I think I was getting a bit lost in the industry that Pilates in part has become. Maybe (that word again) I should stop feeling scared and intimidated by all the competition surrounding me and feeling I must be the best teacher ever – just teach with what my gut has been telling me all along. Teach the classic exercises Joe devised when he introduced the world to Contrology and the basic principles we were taught. Mind and body working together focusing on our Breathing, Centring, Concentration, Flow, Core Connection. It’s not about the latest prop, best reformer, best anything. Focusing more on the clients because they come to class as this is their time to self-care, their body, their mat. We as teachers are here to encourage and guide them through their Pilates practice.

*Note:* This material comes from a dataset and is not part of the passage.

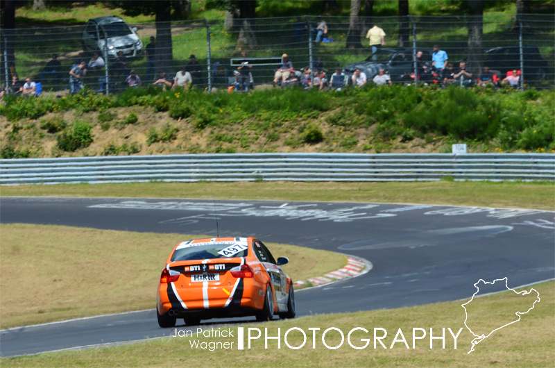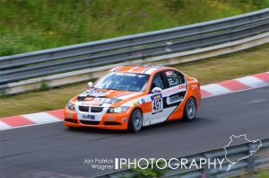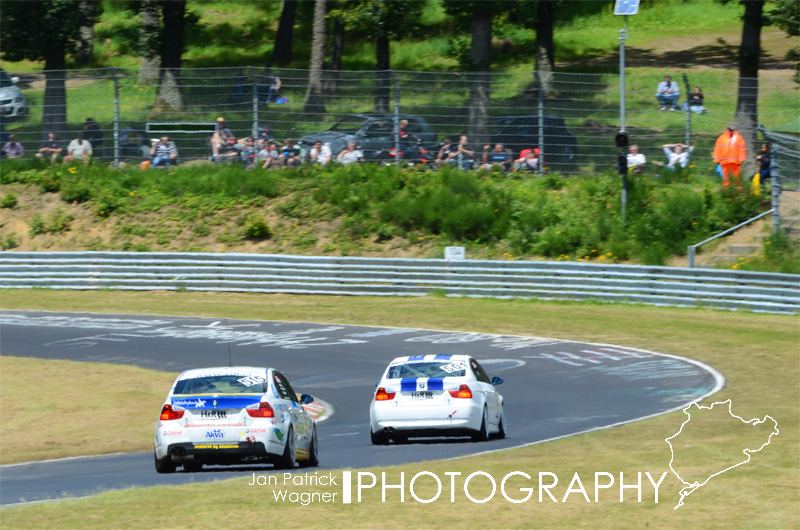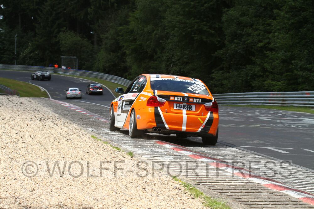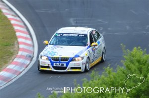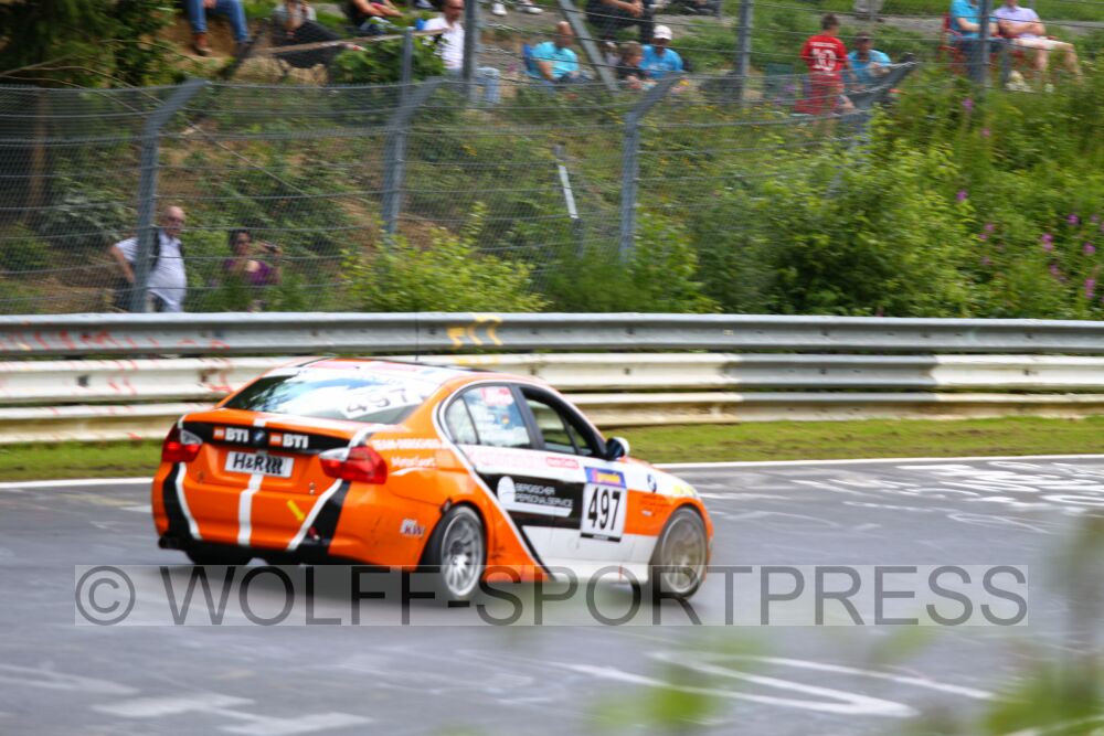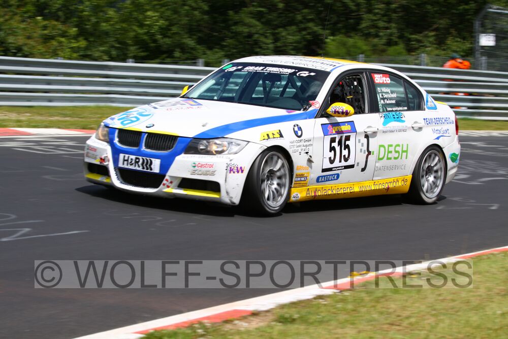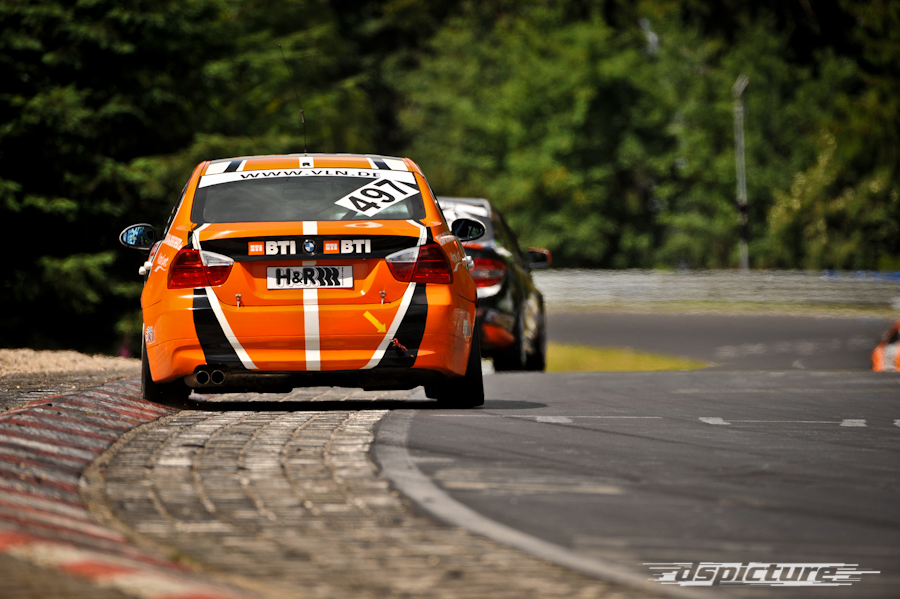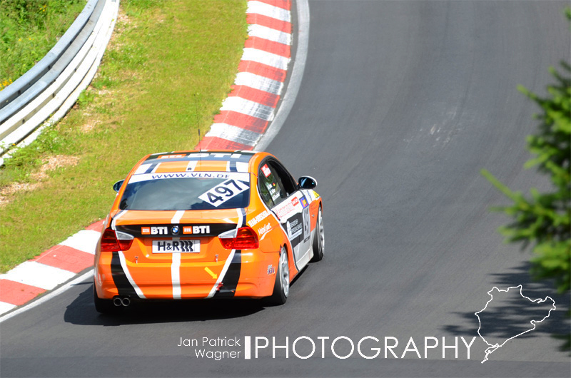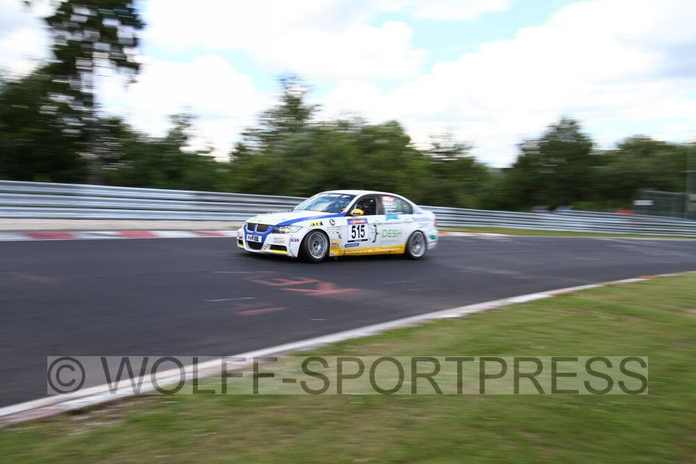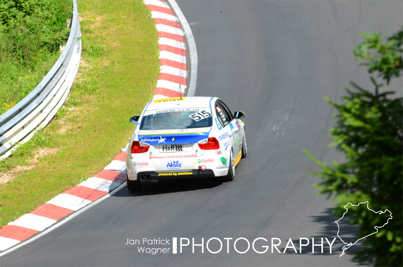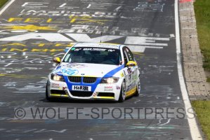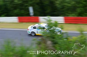 Nachdem das Zeittraining bei teils feuchter Strecke begonnen wurde, gestaltete sich die Jagd auf Bestzeiten zum Risiko. Einige Teams machten schon hier schlechte Erfahrung mit den Tücken der „Grünen Hölle“. Beim Motorsportteam Derscheid galt die Parole: Nicht´s riskieren, das Rennen dauert 4 Stunden! So stand das Fahrzeug mit der Startnummer 515, pilotiert von Rolf Derscheid, Michael Flehmer und Oliver Hönig auf der 5. Startposition der mit 12 Fahrzeugen besetzten Klasse. Auf Rang sechs folgte das zweite Fahrzeug des Team Derscheid, die Startnummer 497, diesmal pilotiert von Matthias Butz, Michael Flehmer und Rolf Derscheid. Sofort nach dem Start kam es in der ersten Startgruppe, der schnellsten Gruppe mit den GT3 Fahrzeugen im Bereich Fuchsröhre zu einer Unfallserie. Michael Flehmer, wie immer Startfahrer der Nummer 515, machte wie immer seinen guten Job, hatte aber während seines Stints einen leichten Kontakt mit einem anderen Fahrzeug. Dies blieb aber, außer etwas Reifengummi des Gegners an der Front ohne Folgen.

“No matter how challenging things get, never stop believing in yourself. Self-doubt is nothing but a highway to failure.” ― Edmond Mbiaka
Liz, my mentor, was always there. She would keep in touch and encourage me not to give up. While I felt low, I would still cover classes when she needed me to. Whilst I would dread going to teach, at the end of every class, I still had that lovely feeling inside…that I had made a difference to someone today. I continued to teach one elderly client of mine who needed his weekly practice to keep moving. He never knew what I was going through, but I realise now he was helping me to continue my teaching. I suppose it really hit home to me recently when one of the first clients I taught just completed her Pilates Instructor Qualification. She contacted me for help and guidance before her exams.
The experience led to an epiphany …. Maybe I have made a difference.
It’s still a work in progress for me, but I’m glad I had this epiphany. I got off the merry-go-round and had time to reflect. That is why I felt compelled to write this article for Pilates Intel – to thank and congratulate Gail Giovanniello for her article entitled “Self-Care – It All Starts With You”. Reading it re-affirmed that I needed to take that break and that maybe I am good enough!
Before Patricia Glynn embarked on her training she completed an ITEC Diploma in Anatomy & Physiology level 3 in 2012 and began her training and was Stott ®certified in 2013 Level 1 Matwork.
She completed numerous workshops which include pre & post-natal Pilates, scoliosis management , osteoporosis management , Matwork for Brest cancer rehab , functional anatomy cueing & correcting and Total Barre™ Instructor foundation Course L1 .
In the last few years she has been drawn to teaching the older population and has begun to explore the work of Thomas Hanna by attending weekend workshops in Somatic Movement and intends to continue to explore methods which will enable older individuals to engage and move more freely in their daily lives.